Home

Awesome

level-map-merge

Like a simple realtime map-reduce, but simpler.

map-merge has two parts, a batch part, and a real-time part. the batch is run (say) every few hours, and the real-time part is run the rest of the time. The realtime map-merge can add things, but only the batch part can delete things.

map-merge is suitable for situations where it's okay to have slightly old or incorrect data, like an inverted index!

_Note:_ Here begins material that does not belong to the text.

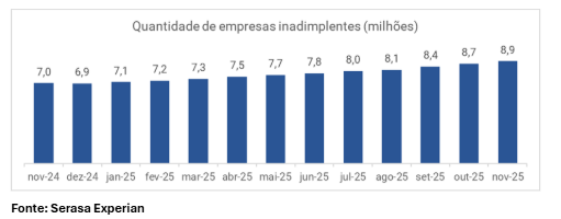 Novo recorde: Inadimplência alcança 8,9 milhões de empresas brasileiras em novembro com R$ 210 bilhões em dívidas, aponta Serasa Experian

The included ./example.js builds a full text index for the npm registry is about ~1.5 minutes.

JSON

one of the performance improvements possible in map-merge is to run a batch and keep the merged data structure in memory, instead of stringifing and parsing. Building an inverted index of all the READMEs in npm takes over 20 minutes parsing JSON, but only 40 seconds keeping it as objects!

Example

Inverted Index (word -> list of documents it appears in)

See also ./example.js

var LevelMapMerge = require('level-map-merge')
var LevelUp       = require('levelup')

var db = LevelUp()
LevelMapMerge(db, {
  map: function (key, val, emit) {
    //the raw data can be anything, so you have to parse it.
    val = JSON.parse(val)
    val.split(/\W+/).forEach(function (e) {
      //but the mapped structure is expected to be js.
      emit(e, [key])
    })
  },
  //merge 'little' into 'big'
  merge: function (big, little, key) {
    //you don't need to use parse here!
    little.forEach(function (e) {
      if(-1 == big.indexOf(e))
        big.push(e)
    })
    //don't use stringify here either!
    return big
  }
}

Limitations

currently, the entire batch view needs to fit into memory. (will be a problem with millions of records, but not for thousands)

Licence

MIT